To do
If a line below falls between the line with "Pl.40: Bedroom over" and the line with "THE 2015 WORLD", or is one of those two, output it exactly; output nothing else and no pictures.

Entries supplied

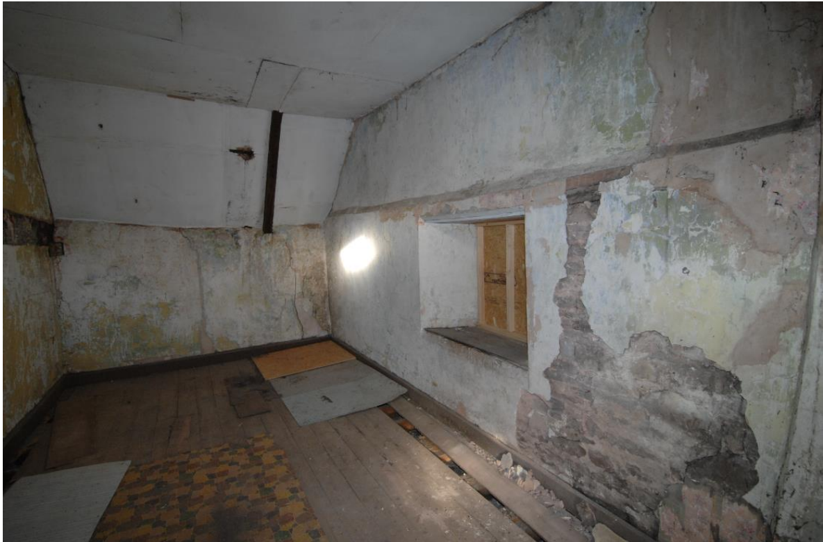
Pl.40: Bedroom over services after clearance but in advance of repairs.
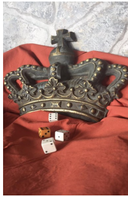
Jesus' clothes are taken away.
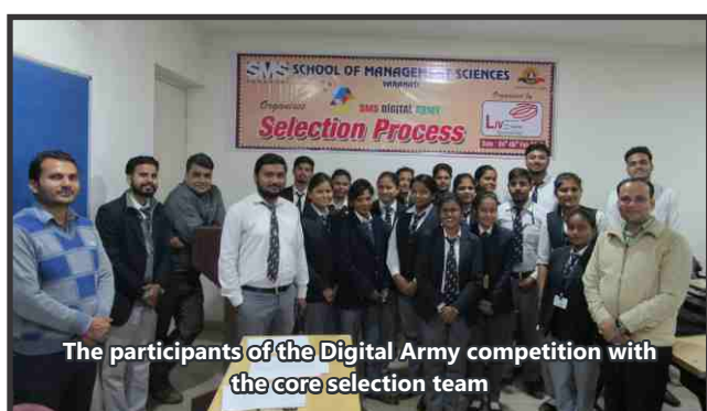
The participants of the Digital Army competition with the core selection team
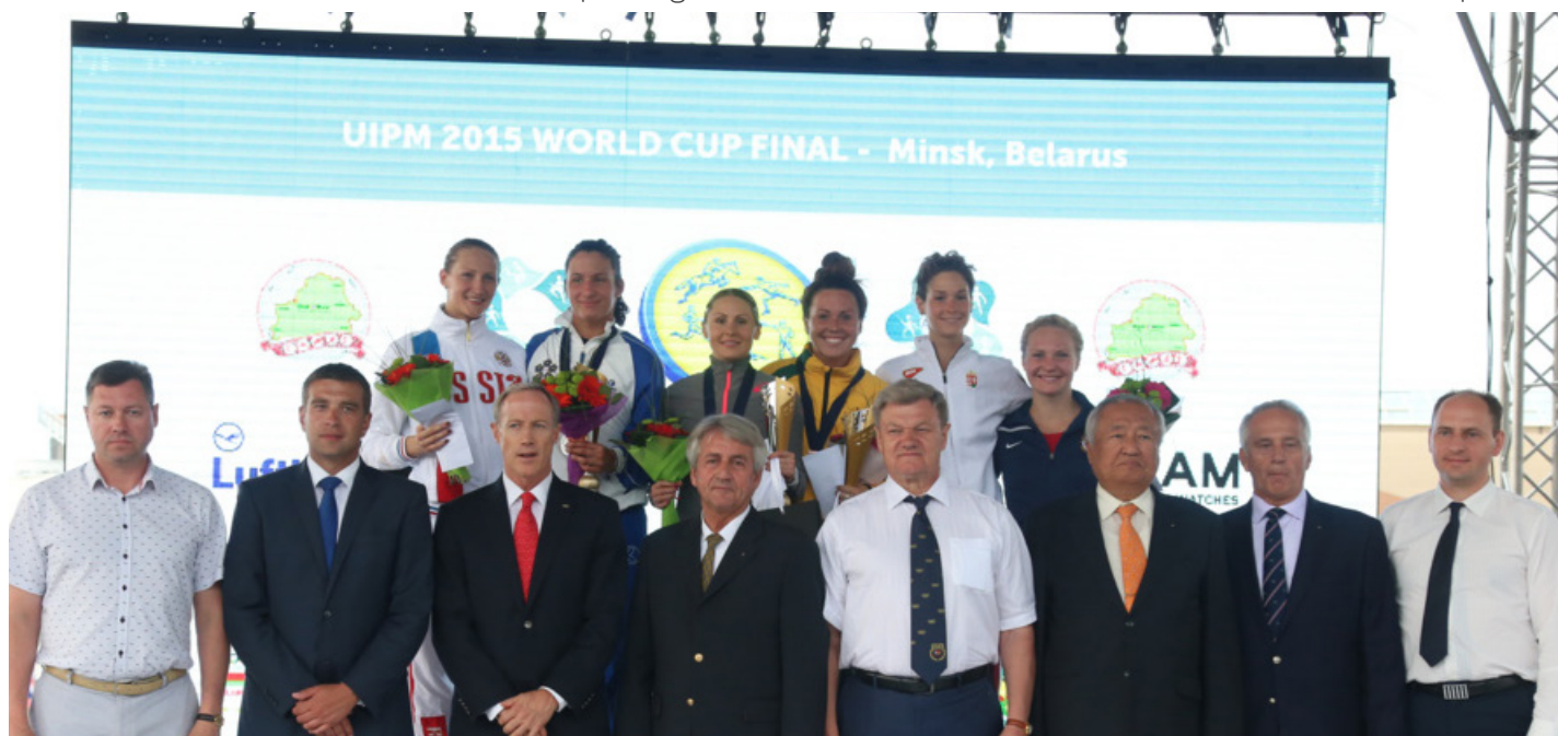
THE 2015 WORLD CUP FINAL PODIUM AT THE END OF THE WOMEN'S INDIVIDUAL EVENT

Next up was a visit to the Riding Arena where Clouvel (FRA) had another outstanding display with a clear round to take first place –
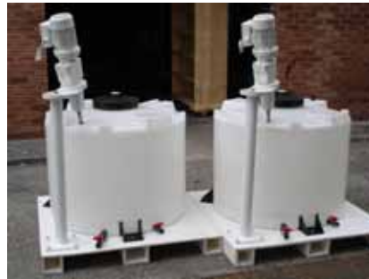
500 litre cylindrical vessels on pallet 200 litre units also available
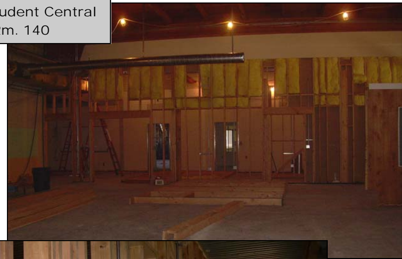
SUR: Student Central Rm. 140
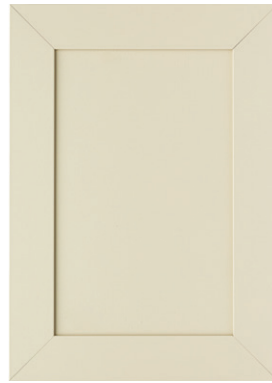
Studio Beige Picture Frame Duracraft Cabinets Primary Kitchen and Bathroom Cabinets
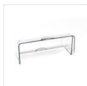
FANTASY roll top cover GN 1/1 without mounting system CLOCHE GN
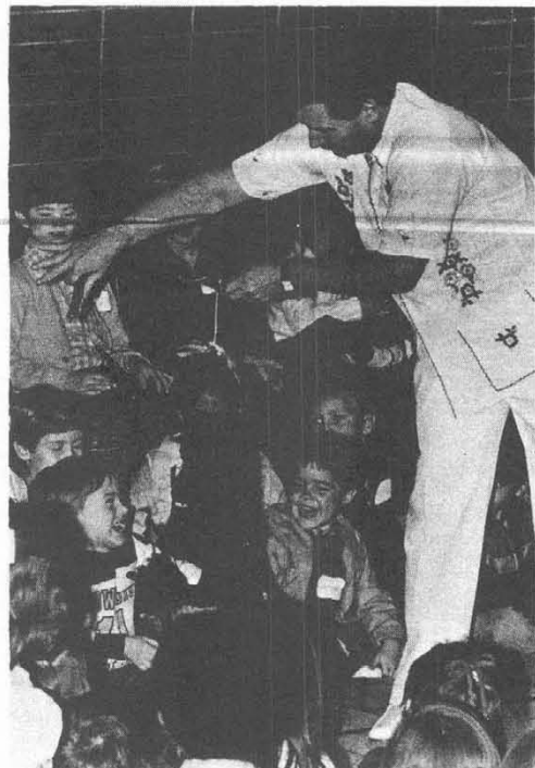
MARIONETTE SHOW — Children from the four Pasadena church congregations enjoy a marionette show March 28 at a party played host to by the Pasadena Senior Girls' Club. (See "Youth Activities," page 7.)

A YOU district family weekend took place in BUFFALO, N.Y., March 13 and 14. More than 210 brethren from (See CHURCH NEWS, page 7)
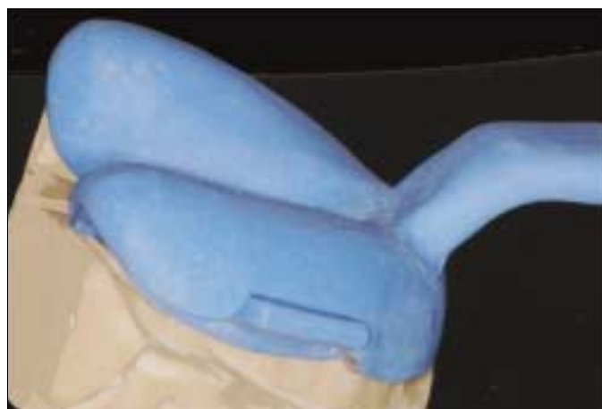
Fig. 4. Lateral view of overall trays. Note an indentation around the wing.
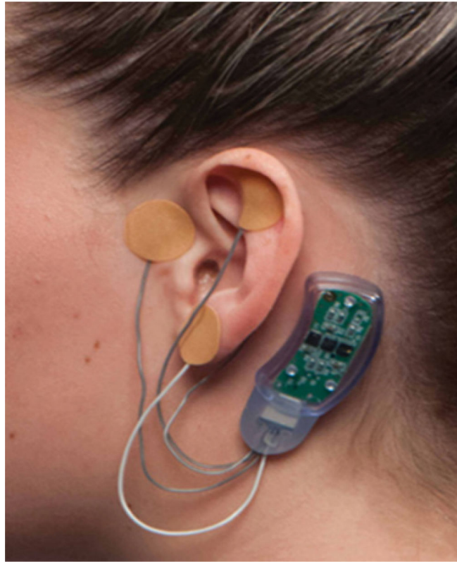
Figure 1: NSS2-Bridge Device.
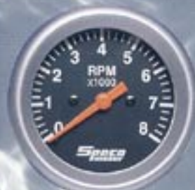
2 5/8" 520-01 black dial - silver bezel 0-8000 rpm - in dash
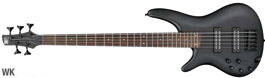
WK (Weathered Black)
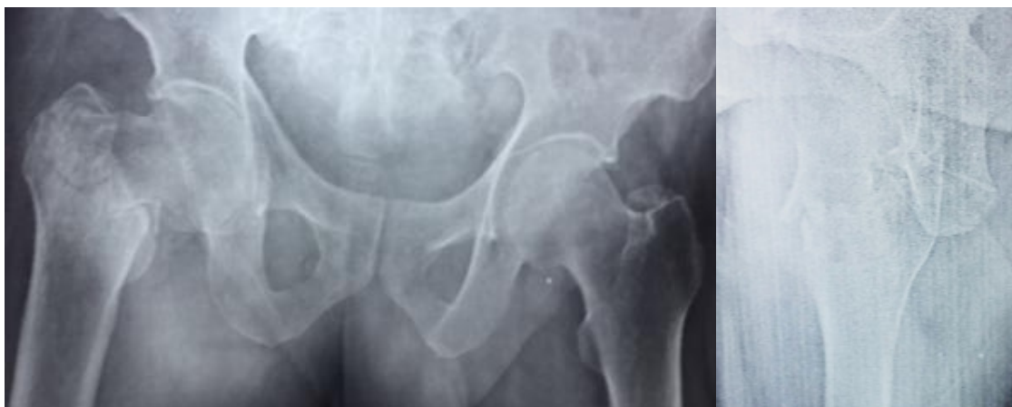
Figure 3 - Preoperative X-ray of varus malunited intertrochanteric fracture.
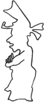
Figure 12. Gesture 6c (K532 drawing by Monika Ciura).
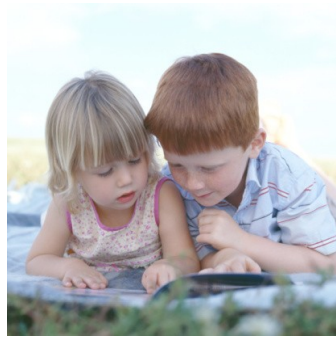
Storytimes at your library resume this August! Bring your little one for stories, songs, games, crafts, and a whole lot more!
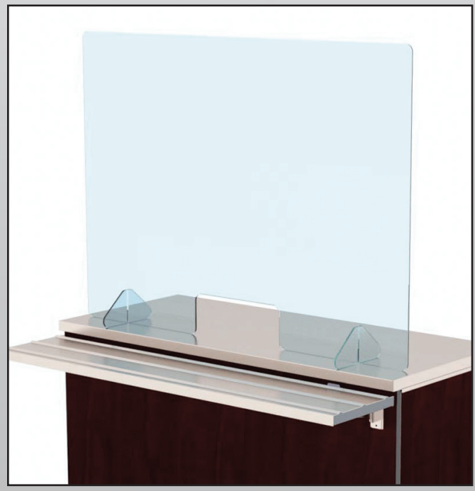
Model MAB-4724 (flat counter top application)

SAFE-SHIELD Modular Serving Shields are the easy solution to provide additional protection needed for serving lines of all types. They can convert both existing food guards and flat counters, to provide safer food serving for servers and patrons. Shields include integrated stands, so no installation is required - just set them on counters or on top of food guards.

* * *

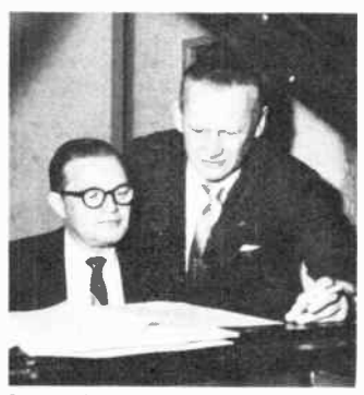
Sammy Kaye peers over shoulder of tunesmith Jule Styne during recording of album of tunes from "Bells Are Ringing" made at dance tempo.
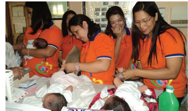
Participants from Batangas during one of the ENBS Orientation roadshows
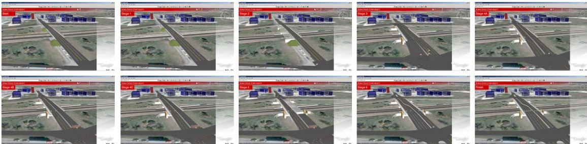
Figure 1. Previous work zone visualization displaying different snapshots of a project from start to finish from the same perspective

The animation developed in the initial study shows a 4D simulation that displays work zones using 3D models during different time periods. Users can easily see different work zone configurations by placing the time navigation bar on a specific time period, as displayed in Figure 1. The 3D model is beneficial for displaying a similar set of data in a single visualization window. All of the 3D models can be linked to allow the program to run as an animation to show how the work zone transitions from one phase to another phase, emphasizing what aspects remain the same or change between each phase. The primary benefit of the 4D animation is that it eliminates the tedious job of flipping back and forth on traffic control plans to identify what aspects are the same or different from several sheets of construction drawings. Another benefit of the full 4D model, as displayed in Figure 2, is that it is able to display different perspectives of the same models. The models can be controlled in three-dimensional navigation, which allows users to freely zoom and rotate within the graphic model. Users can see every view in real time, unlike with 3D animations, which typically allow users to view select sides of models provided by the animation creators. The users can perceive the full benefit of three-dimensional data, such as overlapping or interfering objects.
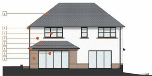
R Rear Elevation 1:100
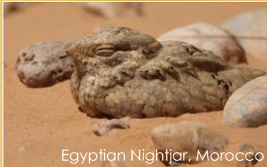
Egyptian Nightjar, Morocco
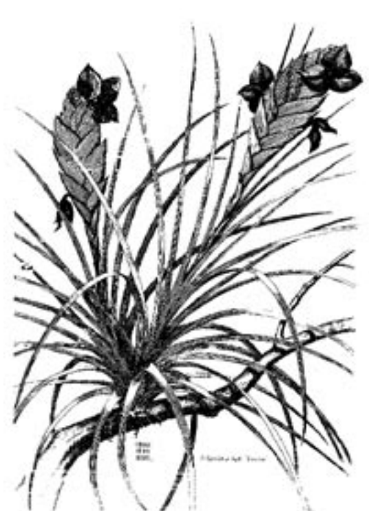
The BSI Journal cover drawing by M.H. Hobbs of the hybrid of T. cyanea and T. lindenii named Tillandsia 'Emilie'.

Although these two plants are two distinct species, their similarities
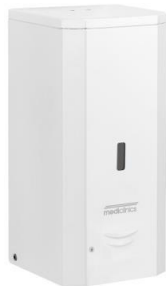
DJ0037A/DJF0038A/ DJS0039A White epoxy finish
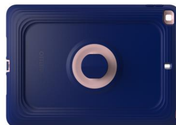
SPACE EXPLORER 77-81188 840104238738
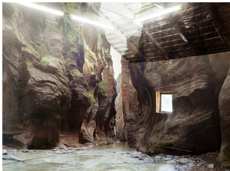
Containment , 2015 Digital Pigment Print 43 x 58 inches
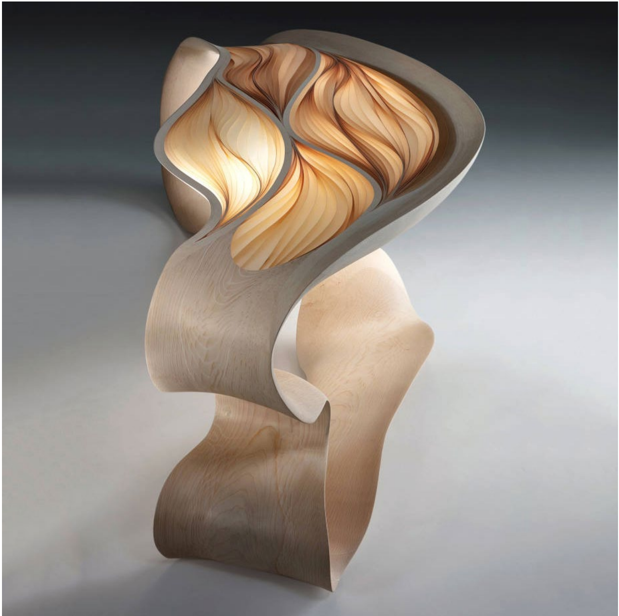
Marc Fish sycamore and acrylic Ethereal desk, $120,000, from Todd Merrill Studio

Solution to the problem
Pl.40: Bedroom over services after clearance but in advance of repairs.
Jesus' clothes are taken away.
The participants of the Digital Army competition with the core selection team
THE 2015 WORLD CUP FINAL PODIUM AT THE END OF THE WOMEN'S INDIVIDUAL EVENT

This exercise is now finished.